Keywords: prevalence, incidence, Europe, Asia, the American continents, COVID-19, SARS-CoV-2, epidemiological

1. Introduction

The outbreak with the new coronavirus (COVID-19) caused by severe acute respiratory syndrome (SARS-CoV-2) has led to a ‘global pandemic’ due to its unprecedented speed of spreading worldwide. Since patient zero that was reported back in mid-November, over ten million people from two hundred and sixteen territories were identified as SARS-CoV-2-infected patients [1].

Significant discoveries have been made in this context during these last nine months. During this period, the clinical panel has been established [2,3,4,5,6,7,8,9]. However, the early studies have also revealed a low [3,4,5,10], up to medium [6,7,8,9] incidence of gastrointestinal deficiencies. The most common symptom was diarrhea [11,12,13,14], which suggests a potential route of action of COVID-19 at the level of the digestive tract.

Unfortunately, until the 10th of July 2020, more than half a million people have died, predisposition being higher in people suffering from chronic diseases and, especially elderly [15]. However, the number of people confirmed positive varies due to finite capacities in epidemiological surveillance between countries.

It can be said without a shadow of a doubt, that this member of the zoonotic coronavirus family has spread over the entire world until the present day. Given that scientists are in a fight against the clock, the need for a sustainable and reliable strategy for planning health infrastructure to control the spread is crucial.
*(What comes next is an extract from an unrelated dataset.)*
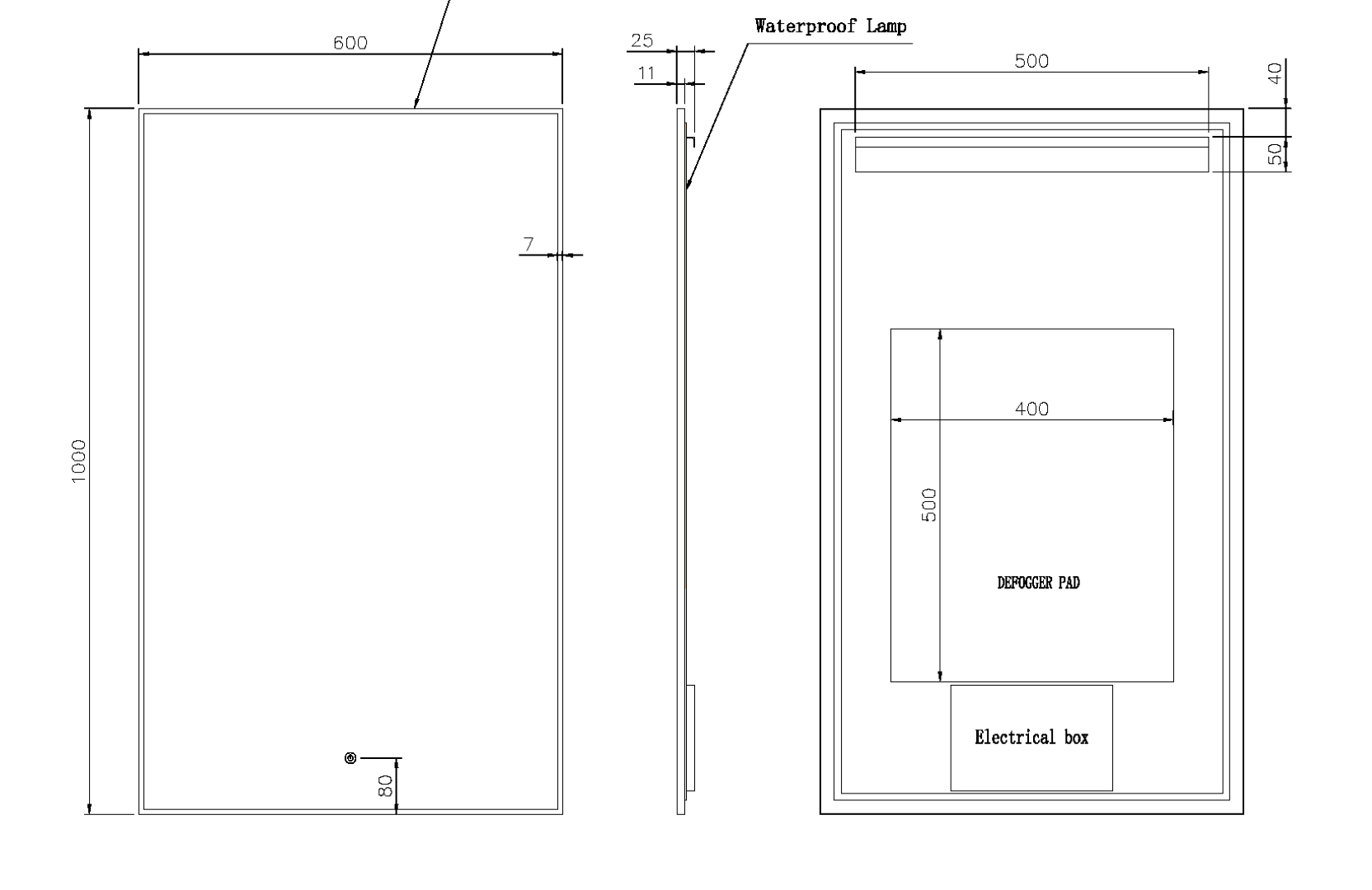 Размерный ряд от 80см до 140см. Каждое зеркало оборудовано тыльной подсветкой

This need is all the more imperative as there is no SARS-CoV-2 treatment/vaccine [15].

Modeling daily cases are pivotal for management and future directions. Estimating COVID-19 possible evolution or regression through mathematical and statistical models is groundbreaking to determine short and long-term case estimates. Such approaches are viable not only to predict the COVID-19 spreading course, but also to allocate the resources necessary to restrict the virus spreading [15].

Distinct approaches have been applied with relatively high accuracy for different prediction purposes. Some examples are represented by statistical methods aiming to predict epidemic cases. These include time series [16], or simulation models [17,18], multivariate linear regression [19], backpropagation neural network [20,21,22], and gray forecasting [23,24].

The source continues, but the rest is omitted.